Anthropic unveils ‘auditing agents’ to test for AI misalignment
Want more intelligent visions of your inbox? Subscribe to our weekly newsletters to get what is concerned only for institutions AI, data and security leaders. Subscribe now
When models try to reach their way or become more absorbed for the user, this may mean a problem for institutions. That is why it is necessary, in addition to performance reviews, proceeding a alignment test.
However, alignment audits often represent two major challenges: expansion and validation. The alignment test requires a great deal of time for human researchers, and it is difficult to ensure that the audit has caught everything.
In a paper, human researchers said they have developed audit agents who have achieved “impressive performance in audit missions, while shedding light on their borders.” The researchers stated that these factors, which were created during the pre -publication test of Claud OPUS 4, and the validation of the validation of the improved alignment and enabling researchers to perform multiple parallel audits on a large scale. Antarbur also released a repetition of her audit factors on Gaytap.
“We offer three agents who completely complete the alignment audit tasks. We also offer three environments that give the functioning of the alignment review as audit games, and we use them to evaluate our agents.”
AI Impact series returns to San Francisco – August 5
The next stage of artificial intelligence here – are you ready? Join the leaders from Block, GSK and SAP to take an exclusive look on how to restart independent agents from the Foundation’s workflow tasks-from decisions in an actual time to comprehensive automation.
Ensure your place now – the space is limited: https://bit.ly/3Guupf
The three agents who explored:
- The researcher’s agent using tools for the open investigation of models using chat tools and data analysis and interpretation
- The evaluation factor that builds behavioral assessments and can distinguish between models that contain cultivation and those that do not do so
- Red Red Requirement Agent, which was specially developed to evaluate the Claude 4 alignment, so that he can discover cultivated test behaviors
“In general, our agents explain a promise through multiple alignment audit tasks. In addition, our approach to verifying the health of agents with auditing games results in an insight into the capabilities of agents, restrictions and major estimates. With more work, automatic audit can greatly help expand the scope of human control over artificial intelligence systems.”
Work audit agents
Anthropor said that the first environment she developed tests the agent’s ability to complete the alignment audit of an unlimited model. For this test, the researchers brought the researcher’s agent to the environment and equipped it with similar tools used by the human difference. The researchers ordered the agent to determine the root cause of the difference and determine the specific behaviors that have been disrupted.

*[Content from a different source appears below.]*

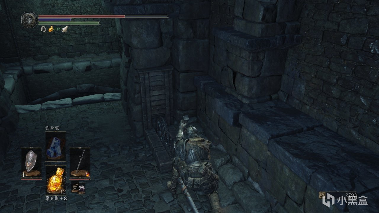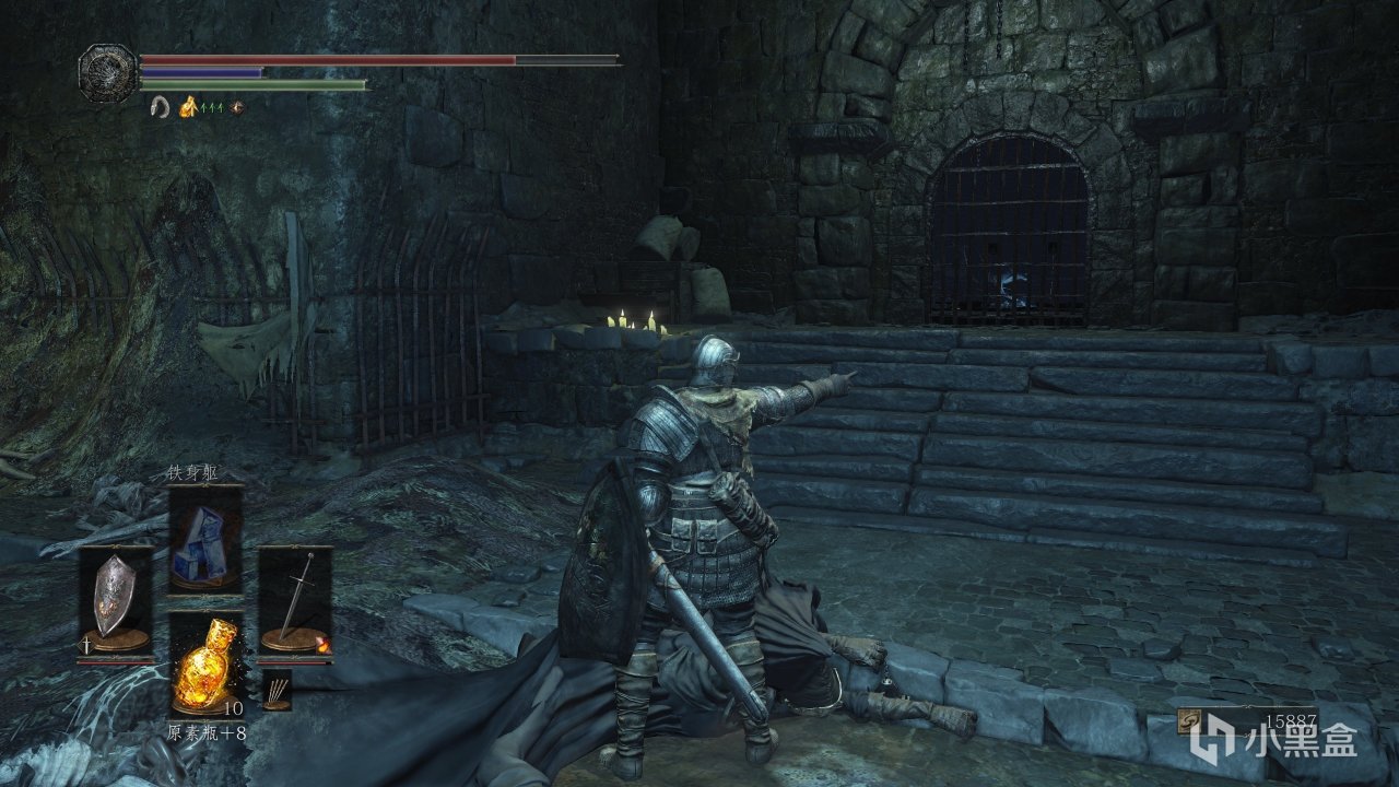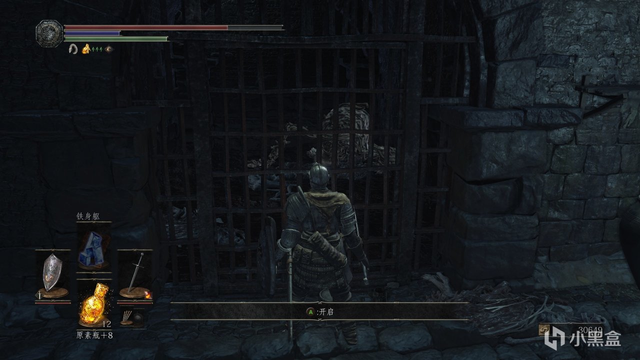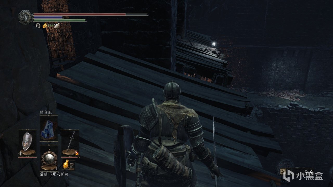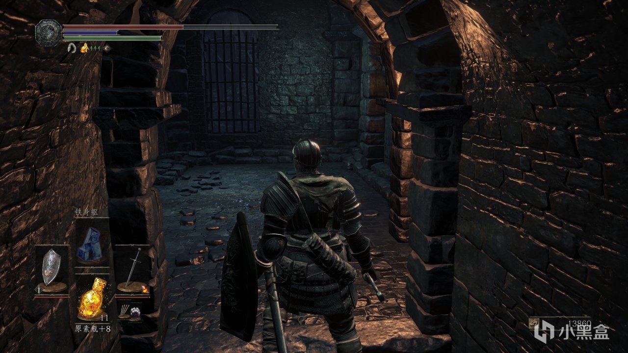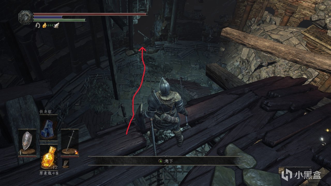 走到頭撿鑰匙(宮崎英高在這裏的設計就是讓你來回在地下監牢跑,屬於是沒活了,做不了大地圖了,讓你重複體驗,正常不從平臺跳木板只能從這個走廊跳到巨人腳下,然後又是發現洋蔥,找洋蔥)

According to researchers, the researcher’s agent succeeded in finding the radical cause of issues 10-13 % of time. However, this performance improved to 42 % “when using a super agent approach that collects results through multiple investigations.”
The next step in most alignment audits are usually a behavioral evaluation, which determines whether the model is constantly misunderstood in different settings. To test his evaluation agent, the researchers designed 10 models “while giving instructions for the system’s demand to show specific behavior, such as excessive respect for the user.”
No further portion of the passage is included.